======== RECORDED INFORMATION

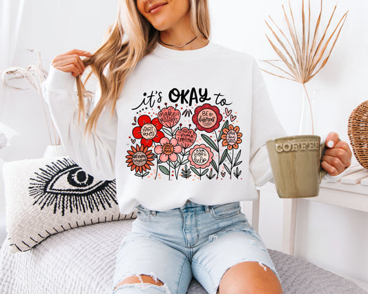 Botanical Art Sweatshirt, Minimal Flower Illustration Crewneck, Soft Cottagecore Pullover, Everyday Cozy Wear
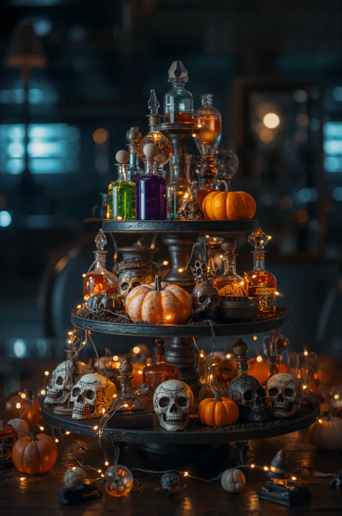 Tiered trays are trendy and versatile, making them the perfect base for Halloween décor. Use a Dollar Tree tray or DIY one with plates and candlesticks. Fill each tier with mini pumpkins, potion bottles, skulls, and fairy lights. Add seasonal trinkets like spiders, bats, or small signs for extra flair. This centerpiece is both functional and stylish, tying your Halloween theme together in one spot. It’s perfect for kitchens, living rooms, or dining tables.
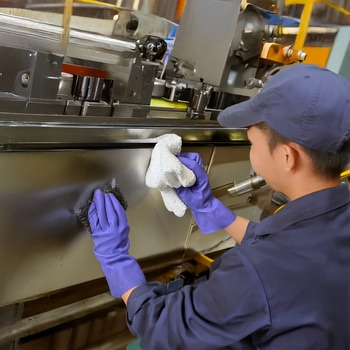 作業性に優れた、袖の短い塩化ビニールあつ手手袋です。天然ゴム製の手袋に比べて油に強い、塩化ビニール製の手袋です。手にフィットし、しなやかで疲れにくいため、長時間の作業でも快適さを保ちます。内側の植毛が汗を吸収し、快適な肌触りを提供するとともにスムーズな着脱を実現します。指や手のひらにスベリ止め加工が施されており、優れたグリップ力を発揮します。

================

— TASK DETAILS —
The reply should repeat the data in full, exactly as given, and contain no pictures.

— RESPONSE TO THE EXERCISE —
 Botanical Art Sweatshirt, Minimal Flower Illustration Crewneck, Soft Cottagecore Pullover, Everyday Cozy Wear
 Tiered trays are trendy and versatile, making them the perfect base for Halloween décor. Use a Dollar Tree tray or DIY one with plates and candlesticks. Fill each tier with mini pumpkins, potion bottles, skulls, and fairy lights. Add seasonal trinkets like spiders, bats, or small signs for extra flair. This centerpiece is both functional and stylish, tying your Halloween theme together in one spot. It’s perfect for kitchens, living rooms, or dining tables.
 作業性に優れた、袖の短い塩化ビニールあつ手手袋です。天然ゴム製の手袋に比べて油に強い、塩化ビニール製の手袋です。手にフィットし、しなやかで疲れにくいため、長時間の作業でも快適さを保ちます。内側の植毛が汗を吸収し、快適な肌触りを提供するとともにスムーズな着脱を実現します。指や手のひらにスベリ止め加工が施されており、優れたグリップ力を発揮します。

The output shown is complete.